Seoul Administrative Court-2017-Gu Partnership-86804 Revocation of Disposition of Corporate Tax Imposition

Plaintiff

00 Holdings 00

Defendant

00. Head of tax office

Judgment of the first instance court

National Flag

Imposition of Judgment

November 01, 201

Text

1. The Defendant’s imposition of corporate tax of KRW 3,283,904,550 (including additional tax) for the business year 2012 against the Plaintiff on April 13, 2015 shall be revoked.

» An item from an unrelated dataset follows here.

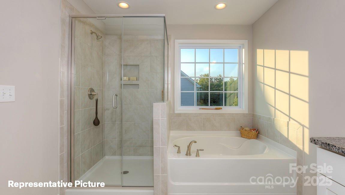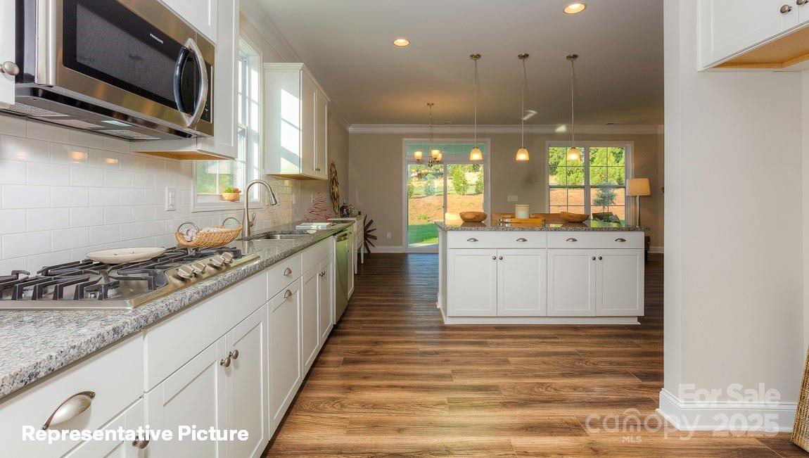 Spacious NEW CONSTRUCTION London plan with covered front porch in our community The Enclave at Falls Cove with tons of upgrades! Open Kitchen with Quartz Countertops, Pantry, Gas Cook-Top, Tile Floors in All Bathrooms, Large Family Room with Gas Logs, TANKLESS hot water heater and heavy trim throughout first floor main areas. A guest bedroom with a full bath also offers the perfect setting for visitors on the main level. Ascend up the staircase to a SPACIOUS primary suite with tray ceiling and luxurious private bathroom with walk-in closet and four additional secondary bedrooms with three full baths round out the upstairs living areas. Minutes from Lake Norman State Park and quaint downtown Troutman, you will never be too far from home with our industry-leading suite of smart Home Is Connected® products, keeping you connected with the people and place you value most.

2. The costs of the lawsuit are assessed against the defendant.

Purport of claim

The same shall apply to the order.

Reasons

1. Details of the disposition;

A. The Plaintiff owned 65% of the shares issued by a holding company established on July 1, 2001 for the purpose of investment, management consulting, etc. of 00 group, and 00 city gas stock companies (hereinafter “0 city gas”) from 2001, and 35% of the remaining shares issued by 00 city gas were owned by CCC Co., Ltd. (hereinafter “CC”).

B. On March 2012, the Plaintiff received proposals from AAAAA’s limited liability company (hereinafter “AA”) to take over the urban gas business sector of 00 cities. On June 1, 2012, the Plaintiff prepared a MOU between AA and AA, and on August 1, 2012, AA presented a final proposal binding on the Plaintiff. On August 1, 2012, “The Plaintiff purchased 35% shares of GSC and issued convertible bonds to a person designated by AA, but the 00 city gas was personally divided into 00 cities, and transferred 100% shares to a person designated by AA, and the 100% shares were transferred to the person designated by the corporation established by A, and the 100 city gas was transferred to the person designated by the corporation established by A.

C. On August 16, 2012, the Plaintiff purchased 35% of the shares of 00 city gas from CCC in KRW 66,195,570,000. The purchase price was equivalent to 35% of the acquisition price of the 00 city gas sector as proposed by AA. Accordingly, the Plaintiff became a parent company of 00 city gas.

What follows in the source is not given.